Q&A With Tim Jeffreys, Director Of New Ryan Hall Doc ‘The 41st Day’ – Forbes

Q&A With Tim Jeffreys, Director Of New Ryan Hall Doc ‘The 41st Day’  Forbes


In January 2012, Ryan Hall had just made his second Olympic team, at the Trials marathon in Houston. He was just 29 and very much on the ascent. He held the American record for the half marathon, in 59:43, and in April 2011 he’d set the fastest marathon time of any American, 2:04:58, when he finished 4th at Boston.

At 5’10” and just 130 pounds, with an affable smile and a head of wispy blond hair, Hall looked like a SoCal surfer who’d somehow landed in the lead pack at races around the world, a whip of a man towering over his east-African competitors. Fans called him the great white hope of American distance running, a Bill Rogers for the new millennium. Within a year or two, whenever he toed the line at a race, the same fans just hoped he’d finish.

Hall’s downfall began at the London Olympics, where a hamstring strain forced him to pull out of the marathon after just 11 miles. “Honestly I’m a little bit in shock right now,” he said at the time. “There’s no positive.” Not only had he never placed lower than 10th in any marathon he’d ever run, he had also never dropped out of a race–of any distance–before that day. It wouldn’t be the last time.

Now 36 and retired from professional running, Hall keeps up with his wife, Sara, also a professional runner, on a bike. He’s packed on 40 pounds of muscle, and runs only for recreation. In 2016, just one year after he retired, Hall ran a trail half marathon, in Honolulu, and finished in an hour and 43 minutes. It was nearly 45 minutes slower than his personal best.

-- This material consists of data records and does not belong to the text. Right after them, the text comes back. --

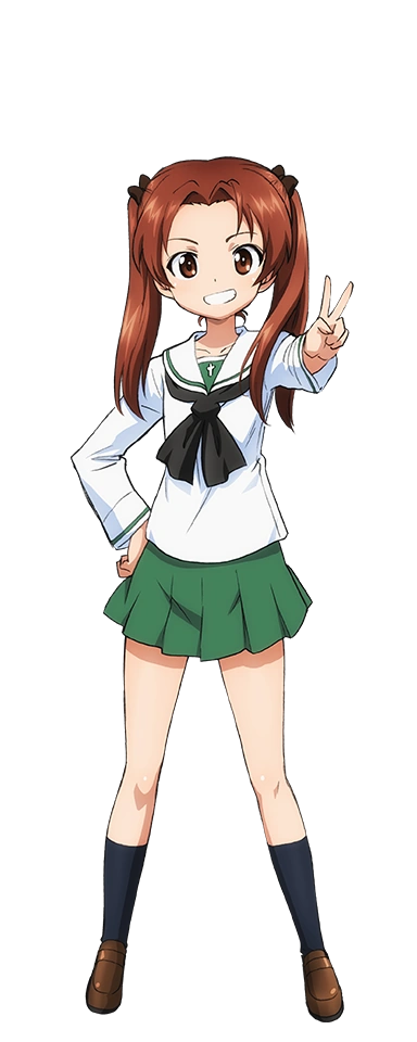 Anzu is a third-year student from Ooarai Girls Academy. Since she see it as possible way how to set back closure of Oarai Girls Academy to win 63rd National High School Senshado Tournament, she initiated reintroduction of Ooarai's Sensha-dō Club and became the commander, radio operator and later gunner of Turtle Team. Her team operates a Czech Panzer 38(t), later modified into a Hetzer during the battle against Kuromorimine Girls Academy.
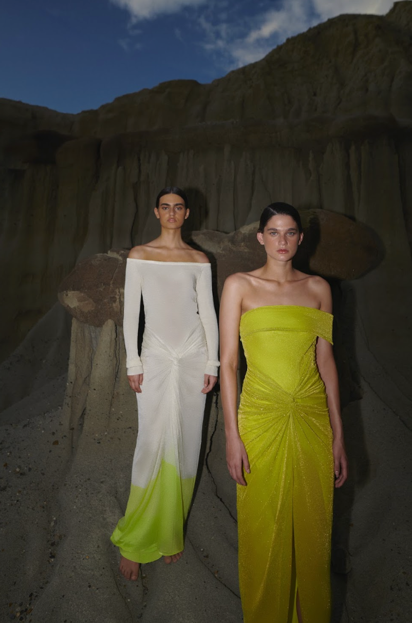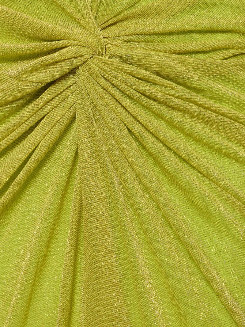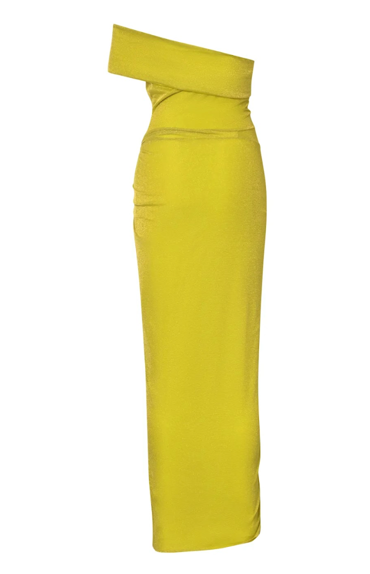 Introducing the "Aria Dress" in Lime Punch - An enchanting off-the-shoulder dress with intricate front knot detailing, sustainably crafted from glossy, figure-hugging lycra fabric. This dress is the epitome of conscious design and sustainability making it the perfect choice for summer nights attire.
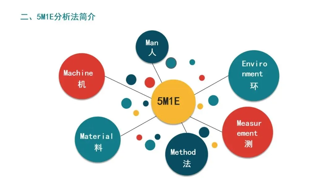 5M1E是六个影响产品质量和生产过程稳定性的关键因素的英文首字母缩写。它起源于制造业的质量管理,但现在被广泛应用于各行各业的问题分析和流程优化中。
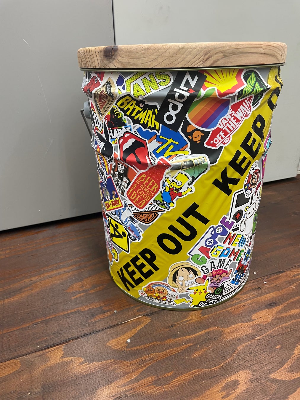 「いす缶」はその用途の幅広さが魅力です。オフィスや家庭では椅子や収納ボックスとして、毛布やおもちゃを収納したり、座れるゴミ箱としても機能します。また、アウトドアシーンでは薪やキャンプ道具の収納・持ち運びに便利なアイテムとしてお使いいただけます。さらに、プランターとして植物を育てたり、ステッカーを貼ってカスタマイズすることでインテリアとしても活躍します。

Almost eight years ago, a young filmmaker from North Carolina named Tim Jeffreys approached Ryan Hall with the idea of documenting his journey from the Trials to the Olympic Games. It would be very much a fan movie, geared towards other runners–people who’d want to see exactly how a phenom like Hall trains for such a major race. It would end, presumably, with a triumphant performance in London–if not a gold medal. Neither Jeffreys nor Hall could have anticipated the story it would ultimately tell.

The 41st Day, Jeffreys’ first feature-length film, premiered in New York on September 28th. I know Jeffreys from the New York running community, though we’d never discussed his documentary before now. I called him up after the premiere to talk about his experience filming Ryan over the course of five life-changing years. Below is a transcript of that conversation, edited slightly for style and length.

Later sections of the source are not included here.